● Work instruction: Below is a listing. Return the lines from the one that contains "L'œuvre a été" to the one that contains "The surface conductivity", both ends included, verbatim and with no pictures.

● Excerpted data:

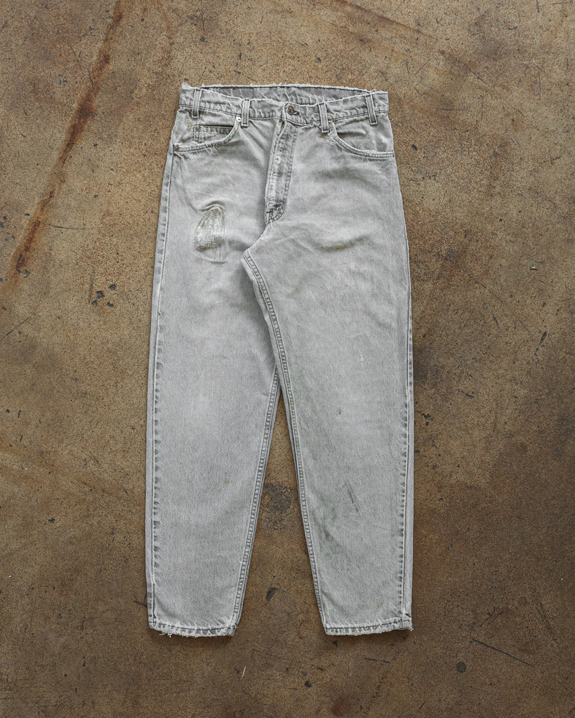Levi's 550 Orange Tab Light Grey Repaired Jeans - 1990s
--
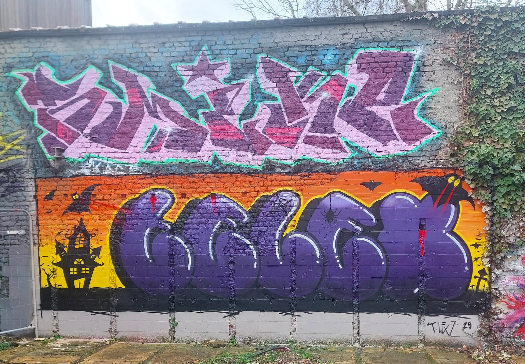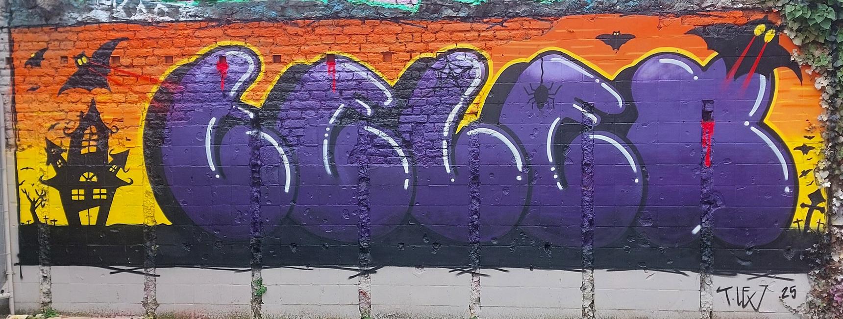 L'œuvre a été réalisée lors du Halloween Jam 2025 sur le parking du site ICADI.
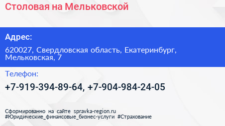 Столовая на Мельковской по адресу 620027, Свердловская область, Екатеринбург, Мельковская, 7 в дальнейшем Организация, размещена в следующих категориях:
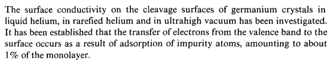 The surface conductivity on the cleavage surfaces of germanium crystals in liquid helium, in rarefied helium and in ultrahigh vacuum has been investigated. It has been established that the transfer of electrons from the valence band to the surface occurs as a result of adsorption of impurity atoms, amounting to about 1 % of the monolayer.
--
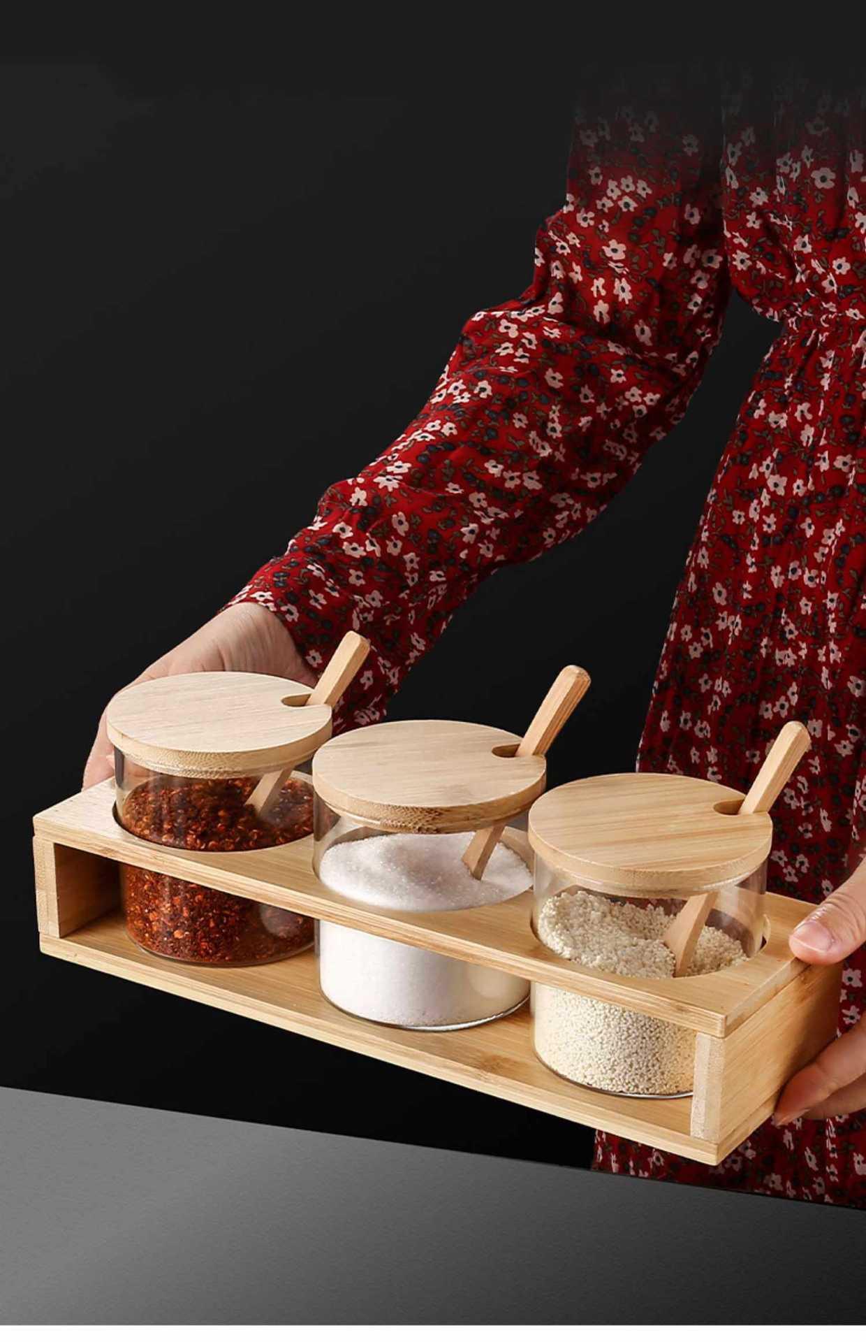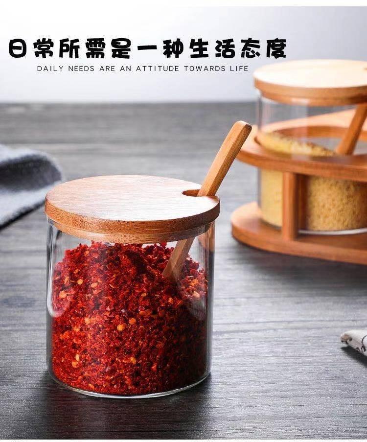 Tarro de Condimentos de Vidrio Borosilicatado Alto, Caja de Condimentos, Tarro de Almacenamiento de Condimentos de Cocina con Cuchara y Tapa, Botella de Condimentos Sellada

● Output:
 L'œuvre a été réalisée lors du Halloween Jam 2025 sur le parking du site ICADI.
 Столовая на Мельковской по адресу 620027, Свердловская область, Екатеринбург, Мельковская, 7 в дальнейшем Организация, размещена в следующих категориях:
 The surface conductivity on the cleavage surfaces of germanium crystals in liquid helium, in rarefied helium and in ultrahigh vacuum has been investigated. It has been established that the transfer of electrons from the valence band to the surface occurs as a result of adsorption of impurity atoms, amounting to about 1 % of the monolayer.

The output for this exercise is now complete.